*** Study material Section Begins ***
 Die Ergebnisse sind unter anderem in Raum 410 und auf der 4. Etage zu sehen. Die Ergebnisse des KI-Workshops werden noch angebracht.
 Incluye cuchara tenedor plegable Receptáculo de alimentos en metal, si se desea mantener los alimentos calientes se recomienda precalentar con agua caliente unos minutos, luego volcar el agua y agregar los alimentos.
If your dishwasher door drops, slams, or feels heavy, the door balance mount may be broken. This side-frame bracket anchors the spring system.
*** Study material Section Ends ***
*** Study material Section Begins ***
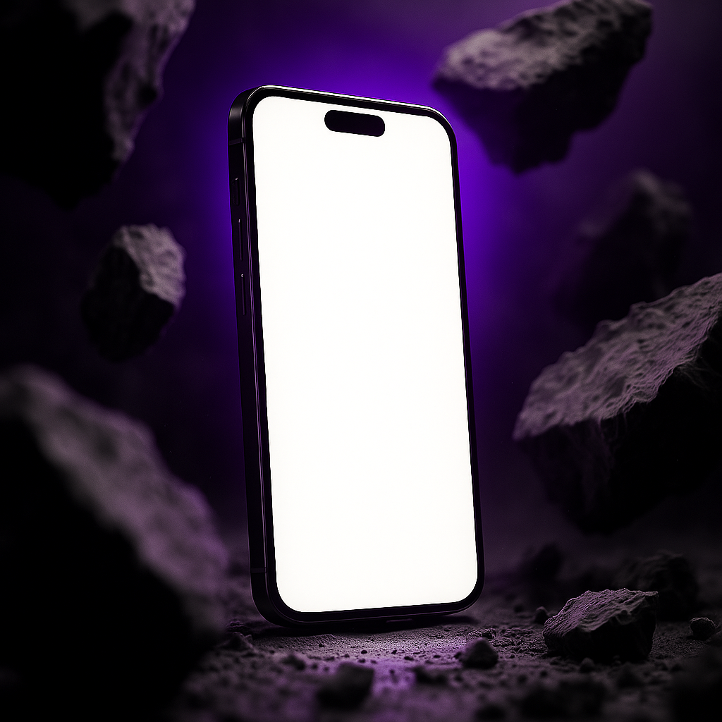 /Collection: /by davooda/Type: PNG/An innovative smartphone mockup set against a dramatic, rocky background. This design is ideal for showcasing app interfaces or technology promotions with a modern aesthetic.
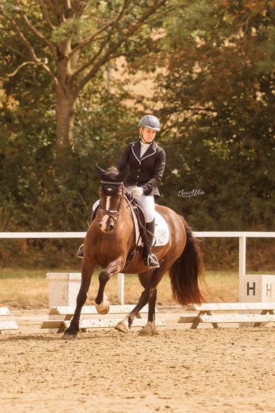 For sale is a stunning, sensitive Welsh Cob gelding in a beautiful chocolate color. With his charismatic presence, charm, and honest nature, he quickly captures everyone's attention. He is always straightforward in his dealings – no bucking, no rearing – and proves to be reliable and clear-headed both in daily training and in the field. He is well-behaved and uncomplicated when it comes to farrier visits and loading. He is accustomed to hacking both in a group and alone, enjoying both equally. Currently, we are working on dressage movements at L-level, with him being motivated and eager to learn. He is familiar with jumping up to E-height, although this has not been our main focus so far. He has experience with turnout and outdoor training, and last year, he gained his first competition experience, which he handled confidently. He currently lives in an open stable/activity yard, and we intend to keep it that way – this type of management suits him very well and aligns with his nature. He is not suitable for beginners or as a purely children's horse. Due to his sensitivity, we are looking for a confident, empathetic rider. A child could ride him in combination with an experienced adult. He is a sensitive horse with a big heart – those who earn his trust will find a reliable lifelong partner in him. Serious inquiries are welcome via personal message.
*** Study material Section Ends ***
> [Action item]: Please copy, exactly and with nothing else, the lines above beginning at the line that has "Die Ergebnisse sind" and ending with the line that has "If your dishwasher".

> [Written answer]:
 Die Ergebnisse sind unter anderem in Raum 410 und auf der 4. Etage zu sehen. Die Ergebnisse des KI-Workshops werden noch angebracht.
 Incluye cuchara tenedor plegable Receptáculo de alimentos en metal, si se desea mantener los alimentos calientes se recomienda precalentar con agua caliente unos minutos, luego volcar el agua y agregar los alimentos.
If your dishwasher door drops, slams, or feels heavy, the door balance mount may be broken. This side-frame bracket anchors the spring system.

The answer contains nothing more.